= Pre-registration house officer =

Archaic term for an NHS Foundation Year 1 doctor

Pre-registration house officer (PRHO), commonly referred to as house officer and less commonly as houseman, is a former official term for a grade of junior doctor that was, until 2005, the only job open to medical graduates in the United Kingdom who had just passed their final examinations at medical school and had received their medical degrees. The term "house officer" is still used to refer to foundation doctors (in Foundation Years 1 and 2 known as FY1s and FY2s).

Newly qualified doctors are only allowed provisional registration with the General Medical Council, hence their first jobs are prior to full registration with the GMC and these jobs were named pre-registration house officer jobs, usually consisting of two six-month jobs; one predominantly involved with general surgery (often being called a house surgeon), and one predominantly involved with general medicine (often being called a house physician). After 1948, PRHO was the lowest grade in the medical hierarchy of qualified doctors in the National Health Service, and was the doctor most often called by nursing staff to see patients on hospital wards, especially at the most unsocial hours of work shifts.
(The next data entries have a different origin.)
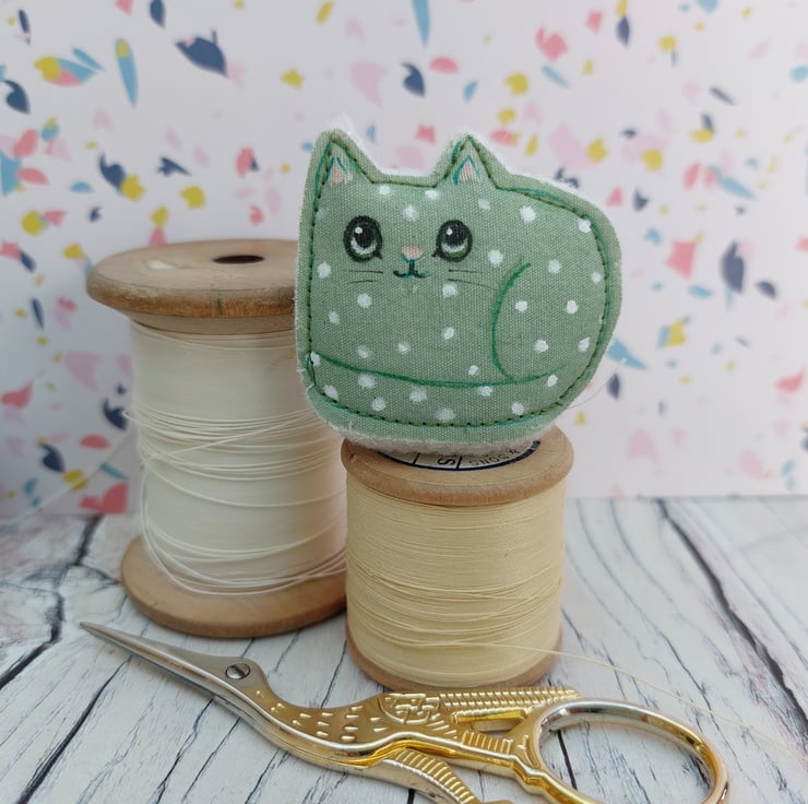 Measuring just 4cm tall this tiny cat will delight a cat lover, painted onto fabric using fabric paints and sewn onto two layers of thick felt and lightly stuffed, it can sit independently.
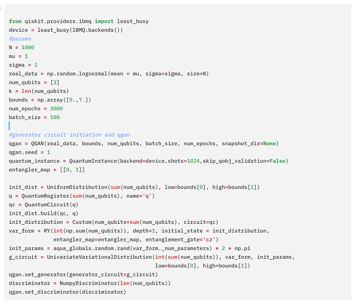 - QISKIT latest Github code – https://github.com/Qiskit/qiskit-aqua/blob/1f2c316c3a1aca1296f45241d14ad8ae5fbe2027/qiskit/aqua/algorithms/distribution_learners/qgan.py
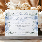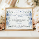This elegant sign coordinates perfectly with menus, seating charts, table numbers, and favour signs in the Serene Blues stationery set, ensuring a seamless theme throughout your wedding décor.
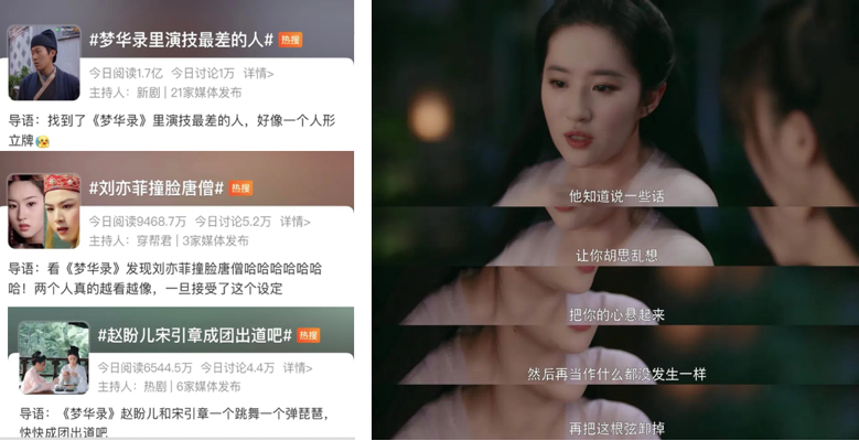 总的来看,采取电影向口碑营销,围绕男女主CP感、女性励志等话题做延伸,再借助回忆杀、玩梗、跨界营销等手法延续剧集热度,《梦华录》的整个营销思路和落实方针,基本上可圈可点。但当所有营销蜂拥而来,观众的逆反心理也就随之流露。
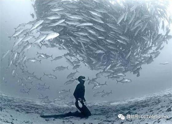 ▼海底潛水,有幸看到成千上萬(wàn)只魚(yú)群聚集而來(lái),這陣勢(shì)好像要吃掉這個(gè)異類一樣。
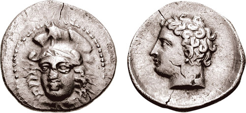 | Brindley_6c | Cilicia, Issos AR Stater. ca 380-370 BC. Head of Athena facing slightly left, in triple-crested Attic helmet / Head of young Herakles(?) left. | Text | Image |
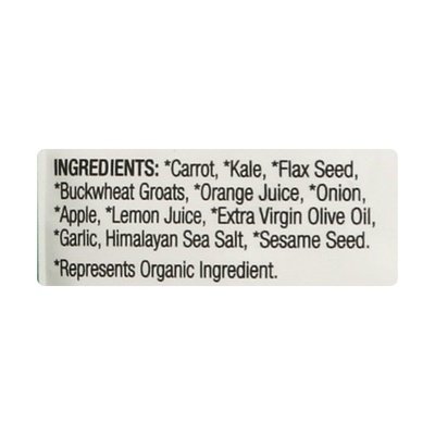 INGREDIENTS: Carrot (Represents Organic Ingredient), Kale (Represents Organic Ingredient), Flax Seed (Represents Organic Ingredient), Buckwheat Groats (Represents Organic Ingredient), Orange Juice (Represents Organic Ingredient), Onion (Represents Organic Ingredient), Apple (Represents Organic Ingredient), Lemon Juice (Represents Organic Ingredient), Extra Virgin Olive Oil (Represents Organic Ingredient), Garlic (Represents Organic Ingredient), Himalayan Sea Salt, Sesame Seeds (Represents Organic Ingredient).
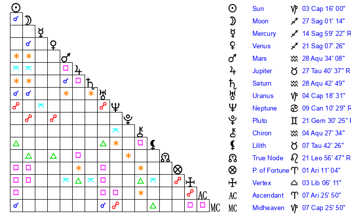 | Mars | 28 Aquarius 34 | 7 Capricorn 53 | 27 Taurus 13 |
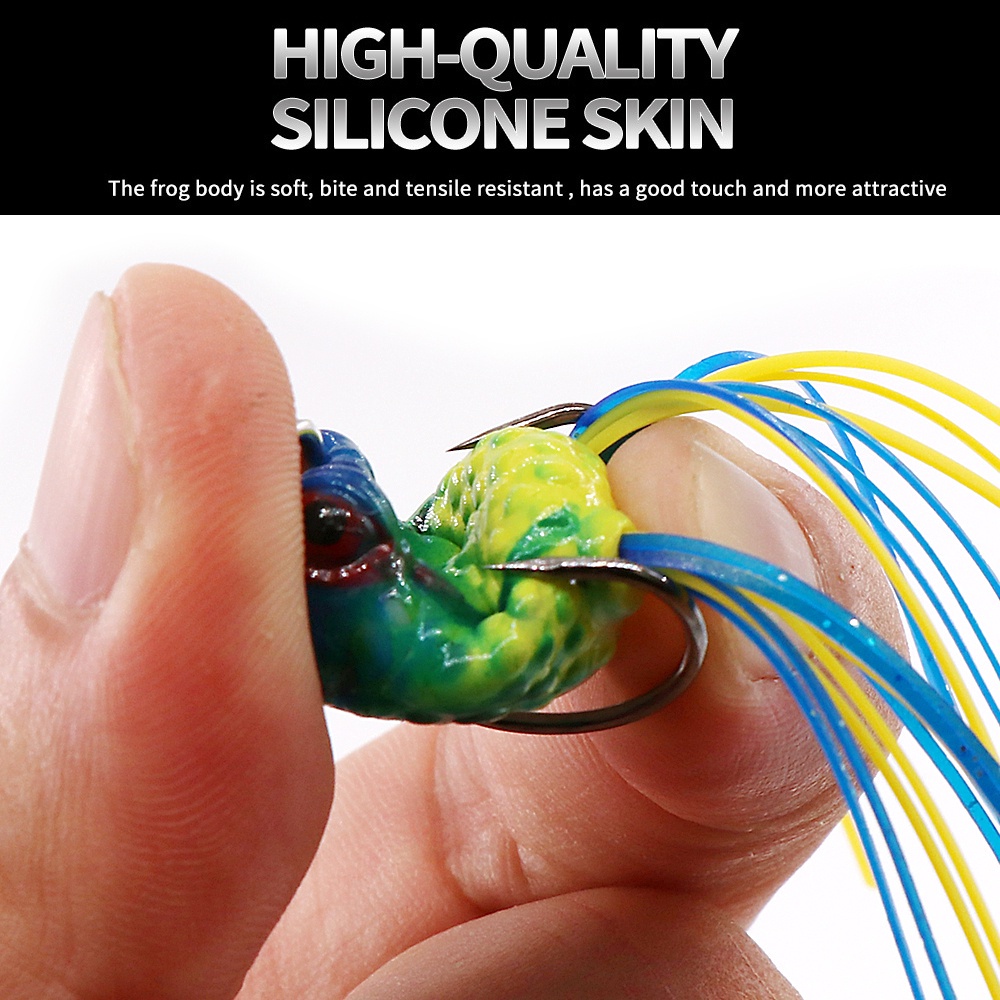 1. Tubuh katak mengadopsi teknologi pelapisan multilayer, bahan karet, yang lebih lembut, dan desain mata katak 3D menarik dan realistis, yang sangat menarik bagi ikan target.
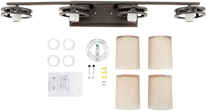 - What's in the Box: (1) Mounting Strap, Strap Mounting Screws, Mounting Screws, Lock up Knobs, Lockwasher, (4) Glass Shade(s) and Wire Nuts. Bulb(s) not included.
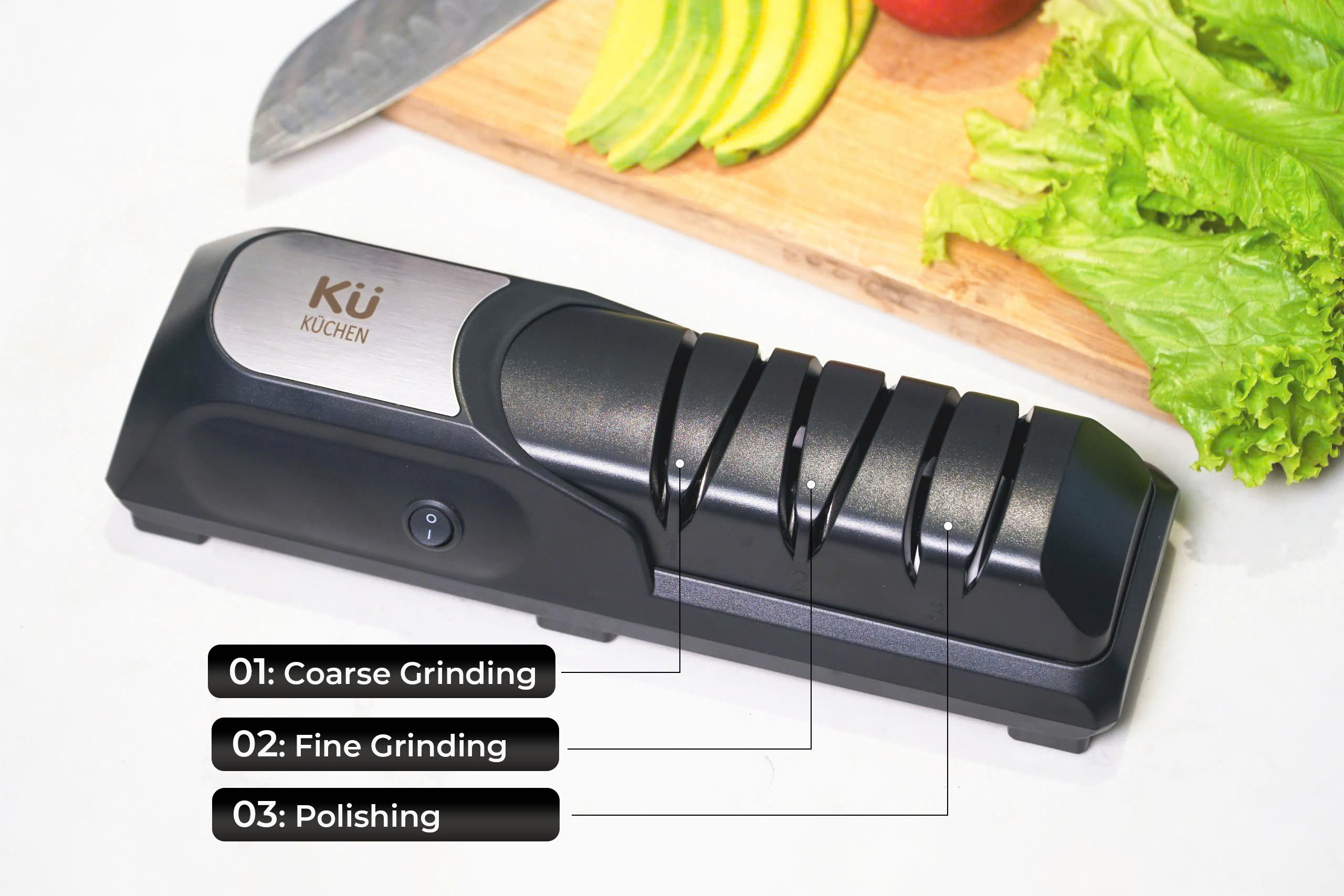 Grit sizes: 360 (coarse), 600 (fine), 1200 (polishing) – delivering outstanding sharpening efficiency, even for hard steel and ceramic knives
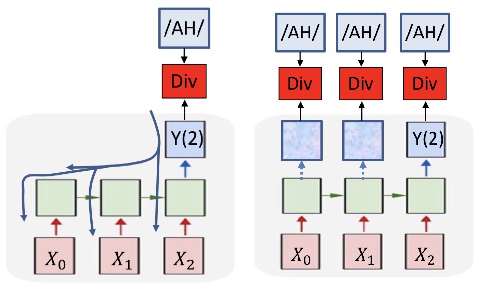 • DIV(Ytarget,Y)=twtXent(Y(t), Phoneme)D I V\left(Y_{\text {target}}, Y\right)=\sum_{t} w_{t} \operatorname{Xent}(Y(t), \text { Phoneme})
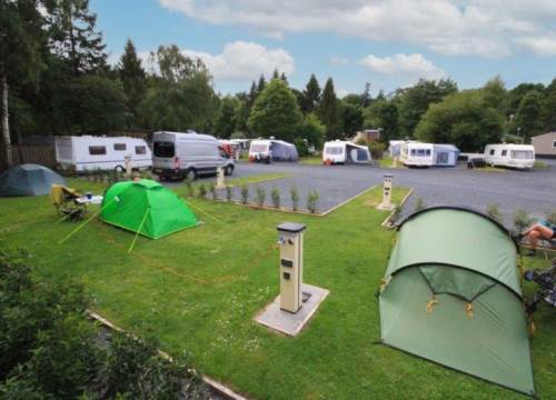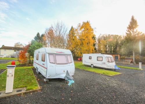 All of our touring pitches are fully serviced, all weather hard standing and with grey water disposal. Every pitch has access to a 16 amp bollard that supplies electric, fresh water and a T.V aerial connection point. The pitches are spacious so you can fit your tourer, awning and car. Our modern ECO friendly toilet and shower facilities include toilets, wash basins, showers, disabled area, baby changing facility, laundry and washing up area. The play area is next to the camping area which flat and has EHU facility. Complimentary Fishing on our stretch of the Teviot. Free WIFI.
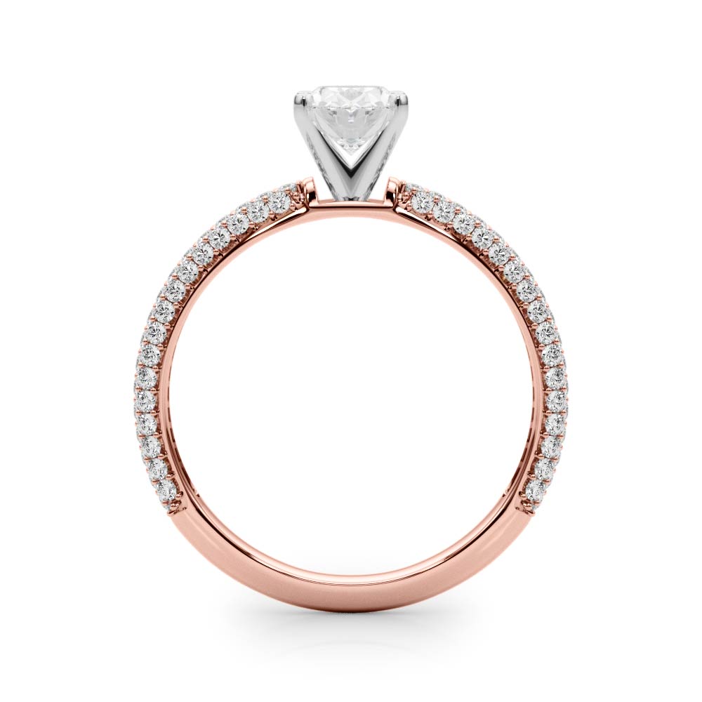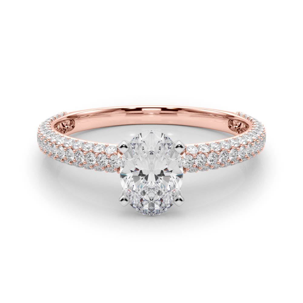 Rose gold Oval Solitaire with Pave Band and Four-Prong Setting
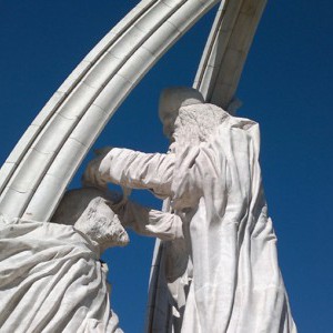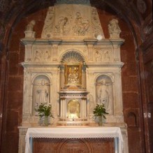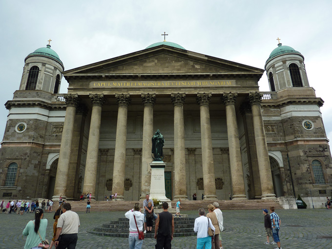 The town is dominated by the baroque Cathedral on the hill, surrounded by several statues. The Primatial Basilica of the Blessed Virgin Mary Assumed Into Heaven and St Adalbert is an ecclesiastic basilica the mother church of the Archdiocese of Esztergom-Budapest, and the seat of the Catholic Church in Hungary. The altarpiece, depicting the Assumption of the Blessed Virgin Mary, is the largest painting in the world painted on a single piece of canvas.
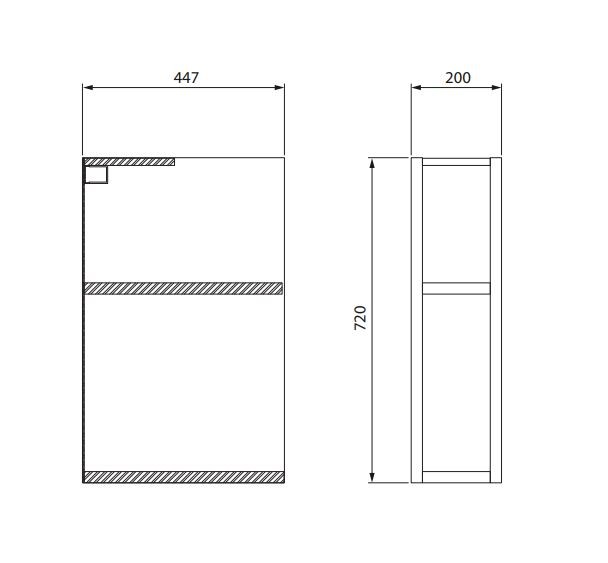 Otvorený modul pod nábytkovú dosku s policou , vďaka ktorému získame ďalší priestor na dekorácie alebo kúpeľňové doplnky. Korpus je vyrobený z laminovanej drevotrieskovej dosky vo farbe dub .
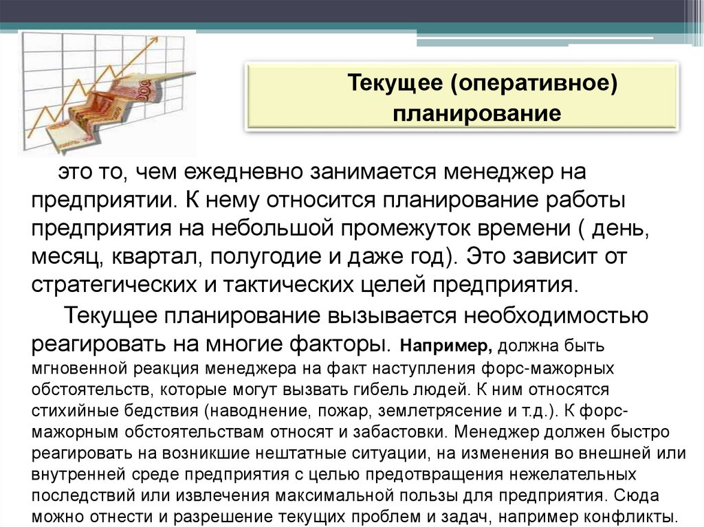 В зависимости от характера работцелесообразно планировать их выполнение в
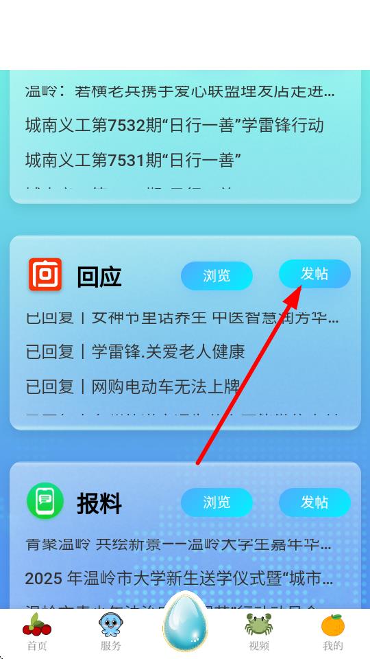 2、在服務(wù)頁(yè)面里,找到回應(yīng)板塊,點(diǎn)擊右側(cè)的發(fā)帖按鈕。
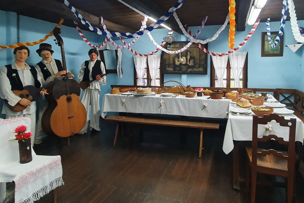 Ležerni smo danas, ali vrijeme svejedno prolazi i glad svejedno dolazi. Idemo autom u Kumrovec na dogovoreni ručak unutar prvog etno sela u Hrvatskoj u gostionicu “Kod starog”. Dok nam pripremaju zagorsku juhu i Titove štrukle ulazimo u prošlost, u muzej na otvorenom – u selo kakvo je nekad bilo. U jednoj kućici je prikaz zagorske svadbe, u dugoj priprema kruha, u trećoj izrada drvenih igračaka. U staji su zaprežna kola, ali i vatrogasna, uostalom, dođite vidjeti sami! Popnite se ljestvama na tavan da vidite ima li sijena i zavirite u vinski podrum da vidite jesu li bačve pune ili prazne. Mogu osjetiti miris još toplog mlijeka i macu koja mi se uvija oko nogu… Baka odlazi s posudom svježe pomuzenog mlijeka prema kući, dedu ne vidim od hrpe sijena koje donosi kravicama, ruke su mi pune toplih jaja, pazim da mi koje ne ispadne…
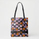 Retro Chequerboard Halloween Ghosts and Pumpkins Tote Bag
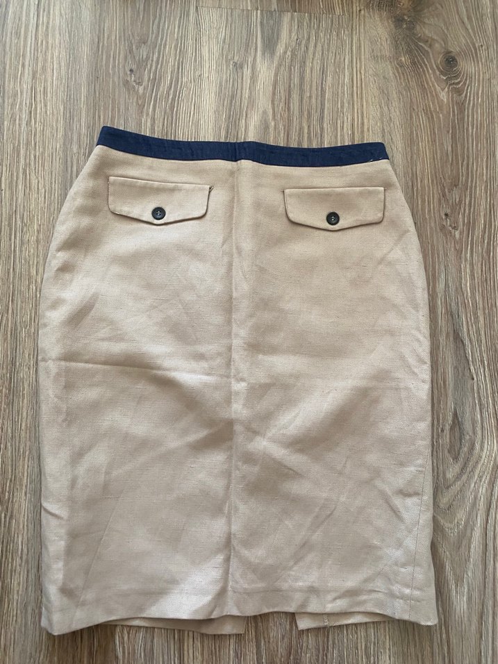 Düğmeli arka cepli, keten kumaştan yapılmış bej midi kalem etek. Ofis için uygun, rahat kesim ve sade tarz.

After satisfactory work reports in both house jobs, the PRHO gained full registration with the General Medical Council, which is a legal requirement to be able to work in all other medical jobs in the United Kingdom (which until 1922 included the whole of Ireland). Although the PRHO year was taken after graduating from a medical school, the supervision of the PRHO was the responsibility of the medical school from which the PRHO had graduated, and a representative of that medical school was responsible for signing the registration forms which go to the General Medical Council to certify that the PRHO year had been completed satisfactorily. After completing the PRHO year, the junior doctors usually became Senior house officers to further their career in the medical profession.

Following changes in postgraduate medical education, from 2005, what was the PRHO year now forms the first year of Foundation Training (Foundation Year 1), and trainees during this year now have the job title of Foundation House Officer 1 instead of PRHO. Despite this, they are still often referred to as House Officers by themselves and other hospital staff.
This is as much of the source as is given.